The findings were robust in different data. There are sound epidemiological reasons to why this should be so. For instance, respiratory function is a well-established predictor of good outcomes in later life.7 Physical activities were important at both baseline and follow-up. Being physically active in mid-life protects against long-term illness later in life.27 It is therefore concerning that the proportion of people taking regular, moderate exercise declines steadily in each decade of life and in England <12% are doing so by the age of 65 years.28 Being employed has positive effects on health29 and proved an influential indicator in the model, being associated with strong engagement at follow-up. However, substantial numbers of Europeans leave the workforce prematurely; the majority not by choice.30 The resilience factor contained an indicator about comparison with peers, health and lifestyle. Older people’s perspectives, including their regrets, have been shown to be mediated by their comparison with others.31 Purposeful activities lead to a feeling of being valued, which also appears to predict subsequent mortality.32

These findings signify a need to re-think urgently how people are living in late mid-life if good population ageing is to occur. Personal and societal planning for involvement of older people in a wide range of ways are central to the model. Recent policies on older people in England have begun to address this issue.33 The United Nations has also promoted the importance of full participation of older people in society and ‘ageing in place’.34 The central message is that older people should be encouraged to partake in opportunities for personal development and engagement with society. A good ageing process offers older people the scope to undertake these roles.

Funding

Department of Health for England.

Conflicts of interest: None declared.

Key points

  • Successful ageing is an elusive concept but this research has been able to demonstrate a model incorporating factors described in the literature and quantify their relationship to subjective and objective outcomes at follow-up. This links European and North American concepts of success.

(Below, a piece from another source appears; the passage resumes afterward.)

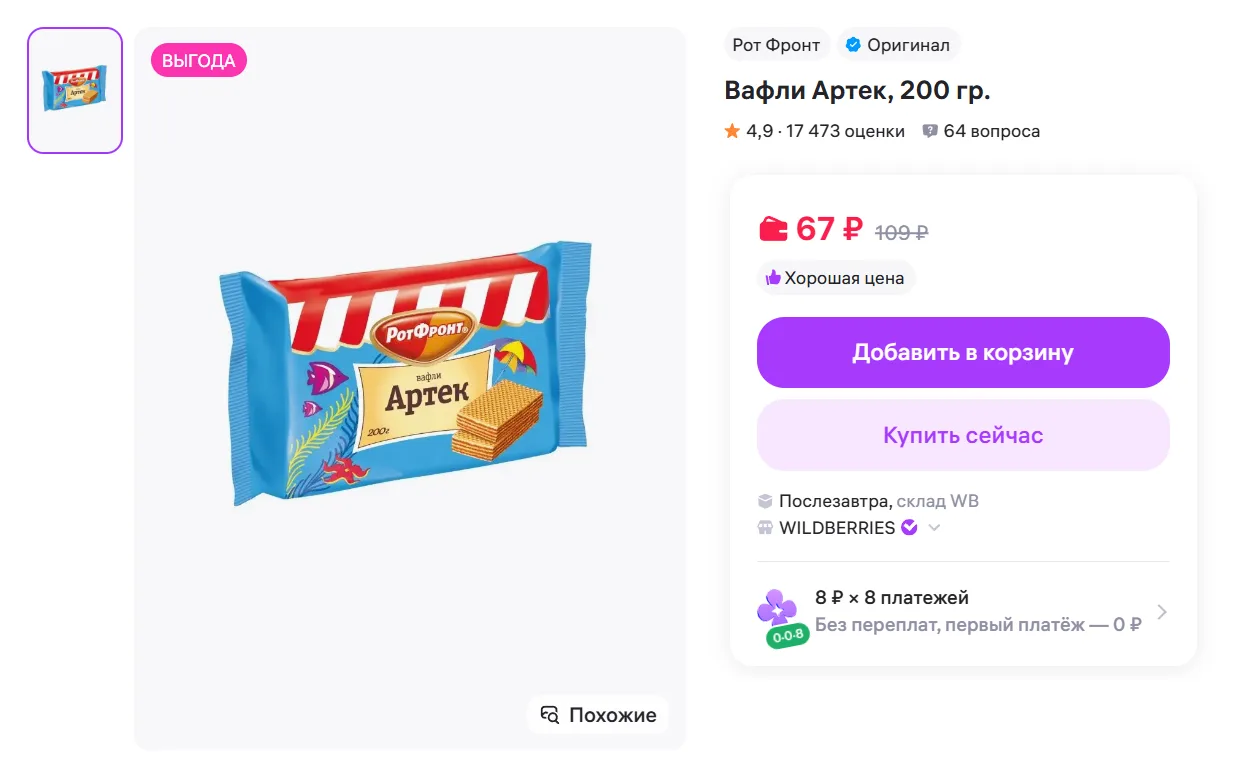 Вафли Артек РОТ ФРОНТ, 200 гр. за 67₽ - https://www.wildberries.ru/catalog/87054072/detail.aspx

  • The interactions among the factors were quantified, addressing directly one of the knowledge gaps cited in relation to successful ageing—the relative importance of its various elements.

  • The model was powerful and reproducible in surveys from different time periods; consequently, it is likely to have relevance to other populations.

  • Success comprises the social and physical activities that people do, mediated by the confidence to do them. It emphasizes particularly the importance of personal resilience and continued involvement in physical and social activities. Far from retiring, engagement with life and society should be the norm for ageing populations.